We all process death differently. Grief is complicated. There’s no right or wrong way to do it. There are no perfect parameters for what length of time is acceptable. Our individual experiences, cultures, values, beliefs, and personalities intersect to produce uniquely personal reactions.
Ironically, I had posted a meme in my stories about how it was a ‘blessing to come home at the end of the day’, while waiting to pick up my husband from the airport that same day. As I processed this event, I couldn’t fathom what I would feel as a wife and mother in this situation. I was reminded of other legends we’d grieved and the concept of parasocial relationships that I’d taught about in my Psychology and the Movies course. I felt a need to create awareness for those who were grieving but may not have understood “WHY” the loss had such an impact.

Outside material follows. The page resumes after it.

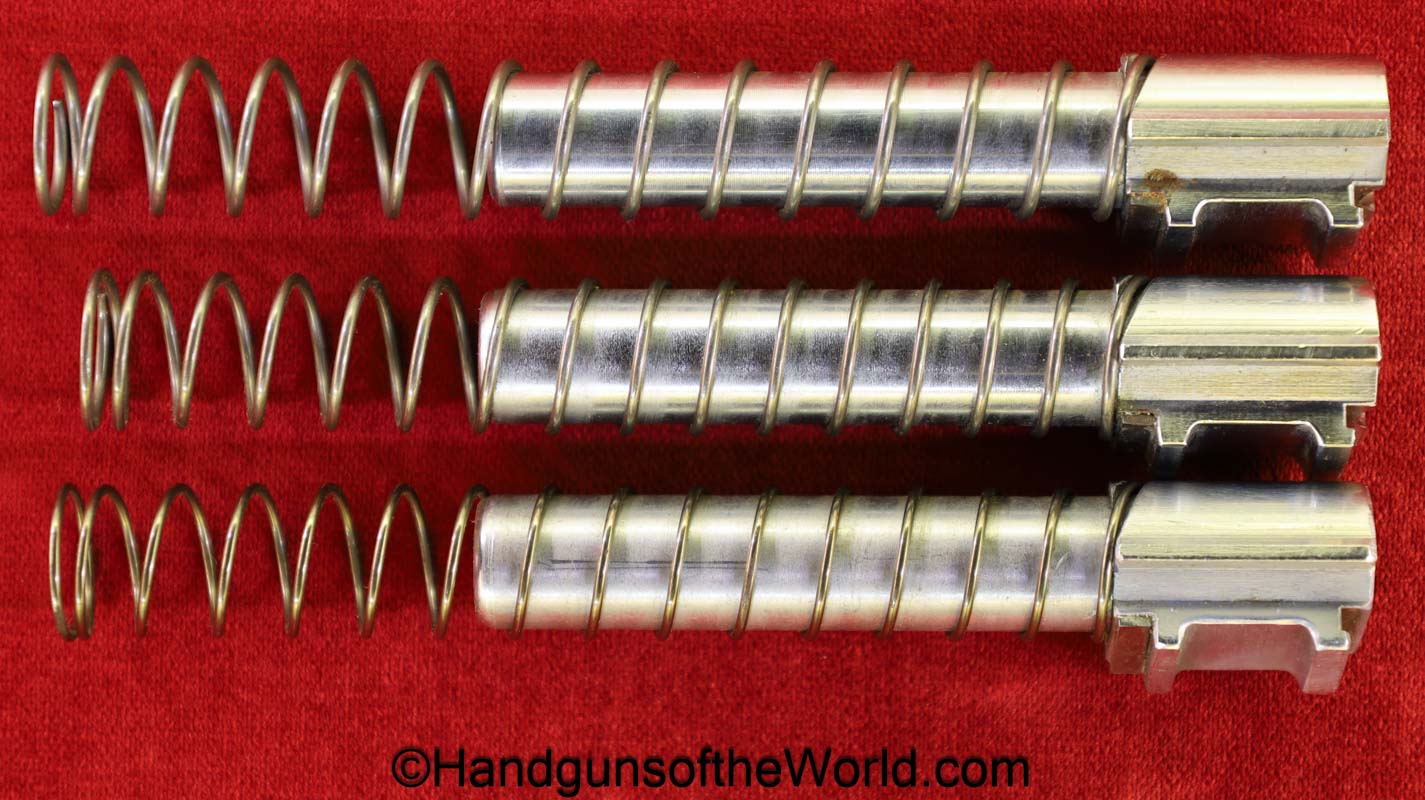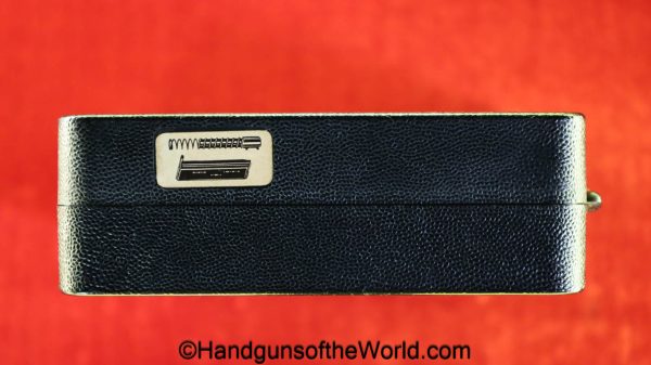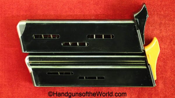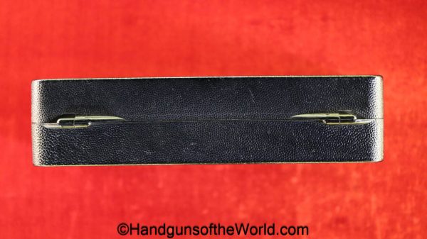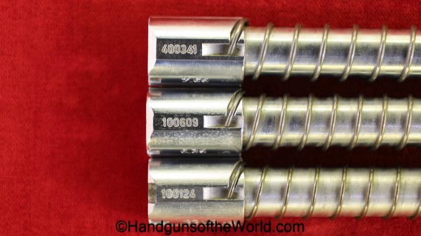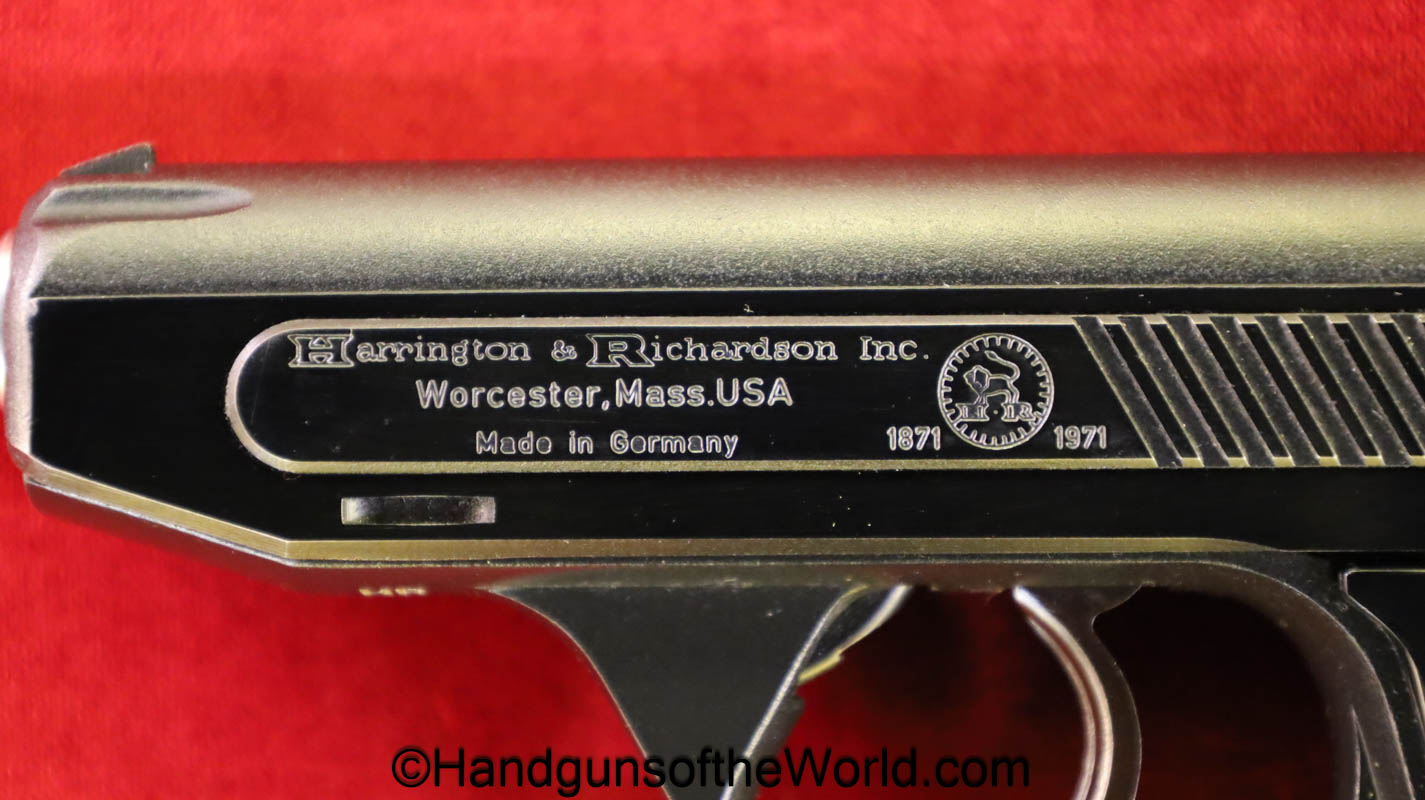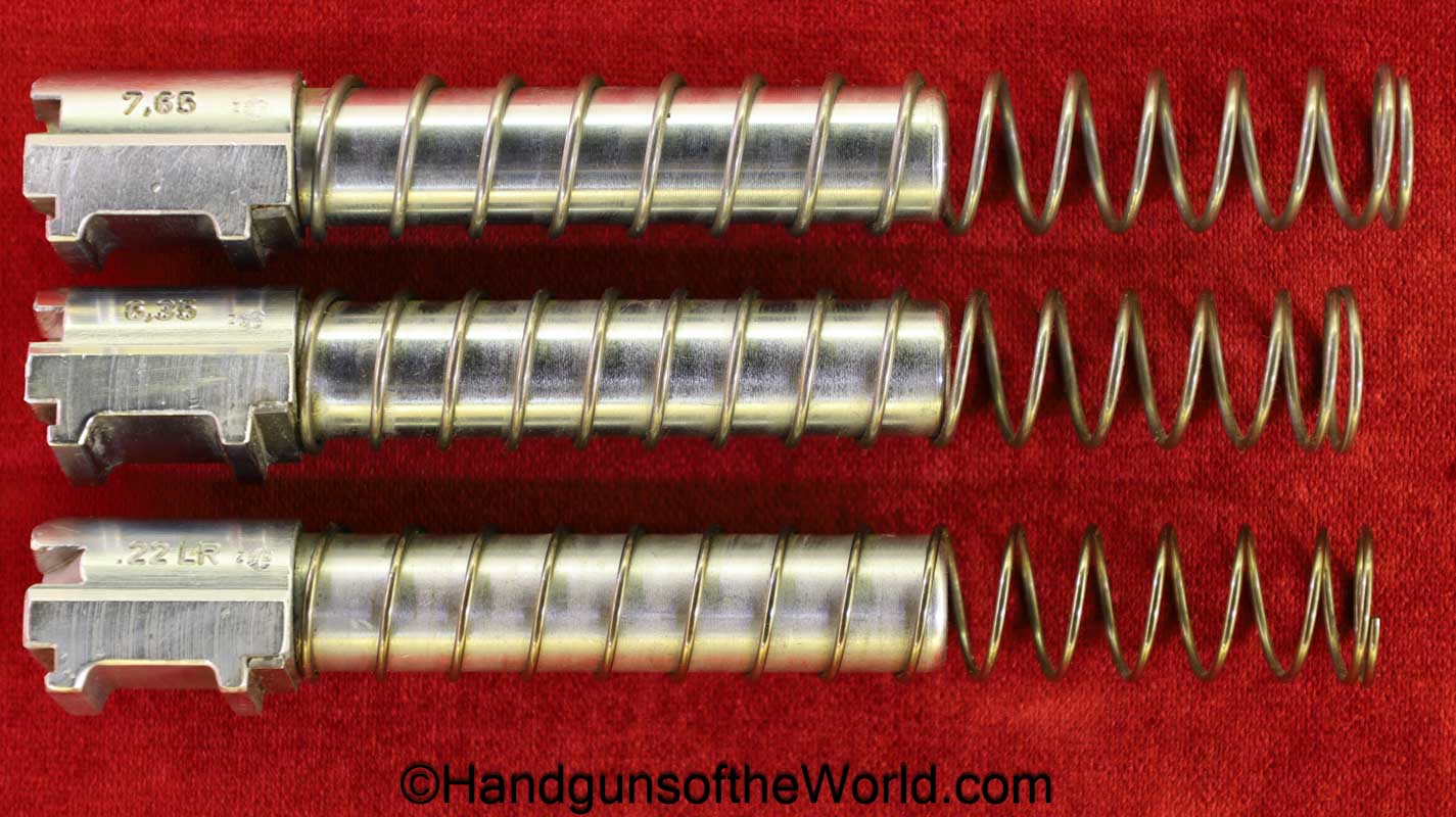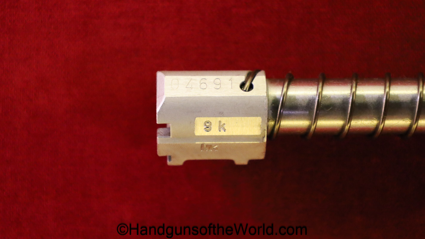 Heckler & Koch HK4, .380 caliber with aluminum frame. This was imported by Harrington & Richardson, as marked on the slide. This has the black plastic grips, with 99+% blue and the bore is excellent. This comes with an original cardboard box missing the labels. This also comes with the rare Tri-Cal Conversion Kit with a 22, 6.35mm & 7.65mm barrels and magazines. This will include 2 9mm magazines and 2 22 caliber magazines along with the owner’s manuals, extractor and pin punch to assist with the change in calibers. Overall Excellent.

So I shared the following on social to bridge the gap:
“We spend so much time following icons on their journeys, and appreciating the meaning/value they add to our lives, that we feel as if ‘we know them’. The emotional connectedness we have to public figures we’ve never met is called a “parasocial relationship.” Loss of any kind is hard. And although the psychological effects can be the same, there are no social supports for “parasocial grieving.” In fact, we can be met with ridicule for ‘feeling something for someone we don’t even know’. If you find yourself experiencing this type of grief, just know:⠀⠀
- You’re not delusional – focus on the meaning that this person brought to your life and decide how and with whom you want to honor that.⠀⠀⠀⠀
- This loss may trigger emotions related to other losses of close family members and friends.⠀⠀⠀⠀⠀⠀⠀
- When to disconnect from media coverage. Allowing the same information to play on a constant loop can be retraumatizing and increase distress.
- You have permission to take the time and space to grieve in the way that works for you. No one should ever tell you HOW or HOW LONG to GRIEVE…we all do it differently.
- It’s okay to reach out to someone who will listen or a qualified mental health professional if it gets to be too much to deal with on your own..
My intention to validate and offer practical tips was met with an overwhelmingly collective sigh. People sent direct messages, left comments, asked questions, tagged friends, and shared memories. The naysayers were drowned out by those who expressed their appreciation for being able to give “voice” to the emotions that they were not able or were too afraid to talk about.
While it’s perfectly acceptable not to understand WHY others grieve the way that they do, it is utterly unacceptable to judge HOW someone grieves or “remembers” the person they’ve lost – even from a parasocial relationship. Unfortunately, we often see this behavior in those who are uncomfortable with having to deal with their own emotions, and subsequently validate ours.
The ongoing dialogue is a reminder that we have to do a better job of giving ourselves permission to “feel.” Being vulnerable allows us the opportunity to be seen, get help, learn, and build genuinely strong relationships that will support us in times of crisis. Let’s be intentional about taking up safe space to “feel,” keeping this conversation going, supporting each other, appreciating each other, and normalizing a healthy expression of emotion.